(REQUIRED ACTION):
After finding the line with "Чертеж детали А", restate it and each remaining line of the material word for word, omitting every picture.

(GIVEN MATERIAL):

%%

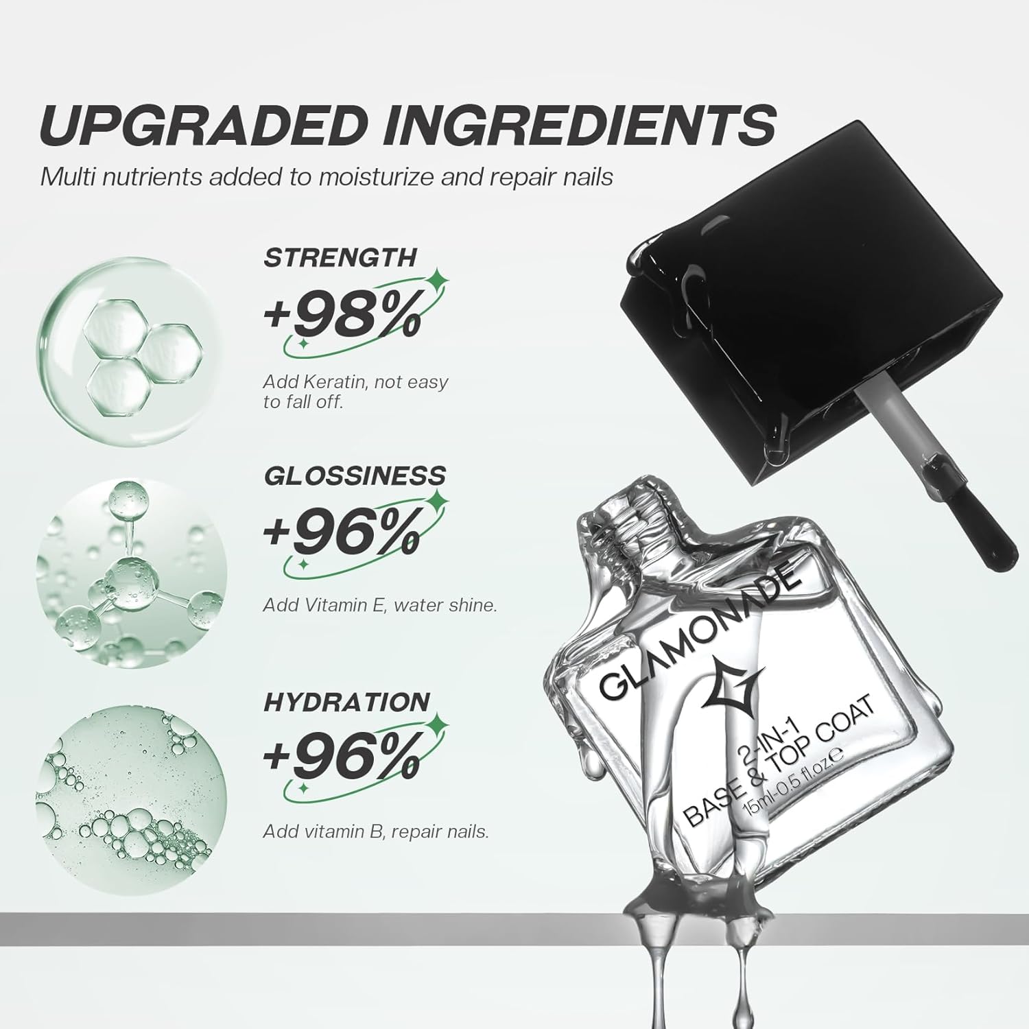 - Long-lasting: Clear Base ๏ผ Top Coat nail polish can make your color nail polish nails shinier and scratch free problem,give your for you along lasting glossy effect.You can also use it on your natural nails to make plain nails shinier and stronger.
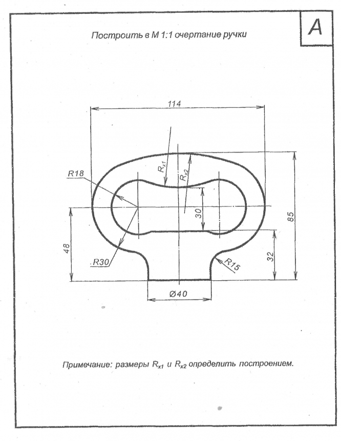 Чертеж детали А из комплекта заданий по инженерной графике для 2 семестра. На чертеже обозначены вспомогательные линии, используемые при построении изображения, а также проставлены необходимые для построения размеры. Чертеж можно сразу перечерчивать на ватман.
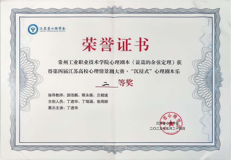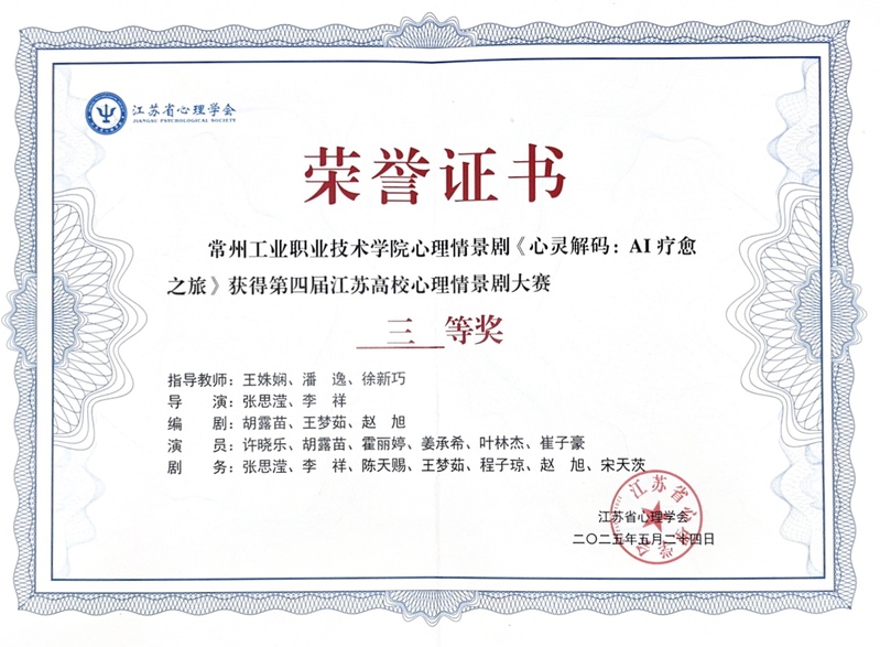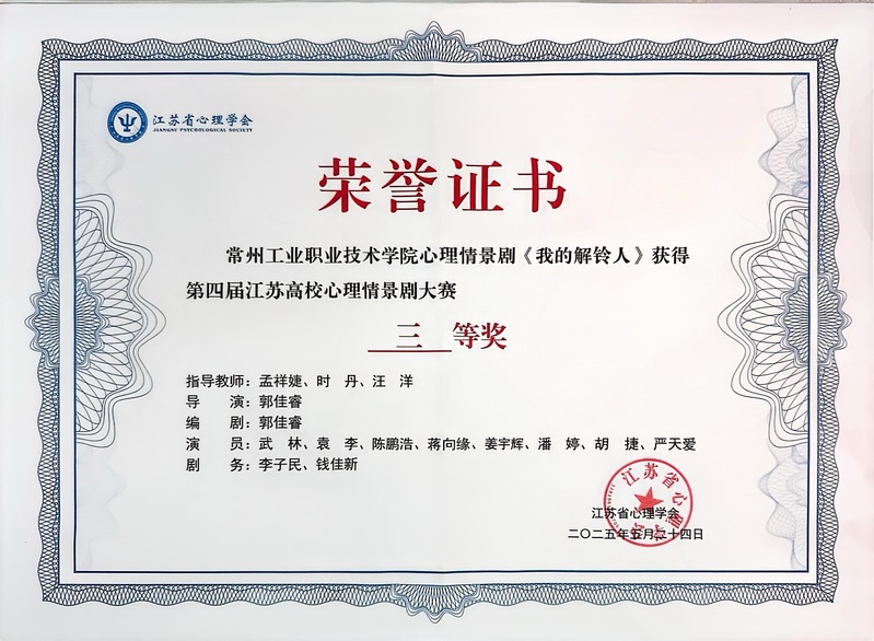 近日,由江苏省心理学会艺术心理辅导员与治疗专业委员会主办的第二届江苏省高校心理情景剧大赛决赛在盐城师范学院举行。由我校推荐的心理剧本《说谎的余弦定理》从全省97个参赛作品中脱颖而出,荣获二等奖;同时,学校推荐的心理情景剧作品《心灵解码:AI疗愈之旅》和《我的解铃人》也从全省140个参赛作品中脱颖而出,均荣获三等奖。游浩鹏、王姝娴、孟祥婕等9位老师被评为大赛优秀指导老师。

%%

(SOLUTION TO THE EXERCISE):
 Чертеж детали А из комплекта заданий по инженерной графике для 2 семестра. На чертеже обозначены вспомогательные линии, используемые при построении изображения, а также проставлены необходимые для построения размеры. Чертеж можно сразу перечерчивать на ватман.
 近日,由江苏省心理学会艺术心理辅导员与治疗专业委员会主办的第二届江苏省高校心理情景剧大赛决赛在盐城师范学院举行。由我校推荐的心理剧本《说谎的余弦定理》从全省97个参赛作品中脱颖而出,荣获二等奖;同时,学校推荐的心理情景剧作品《心灵解码:AI疗愈之旅》和《我的解铃人》也从全省140个参赛作品中脱颖而出,均荣获三等奖。游浩鹏、王姝娴、孟祥婕等9位老师被评为大赛优秀指导老师。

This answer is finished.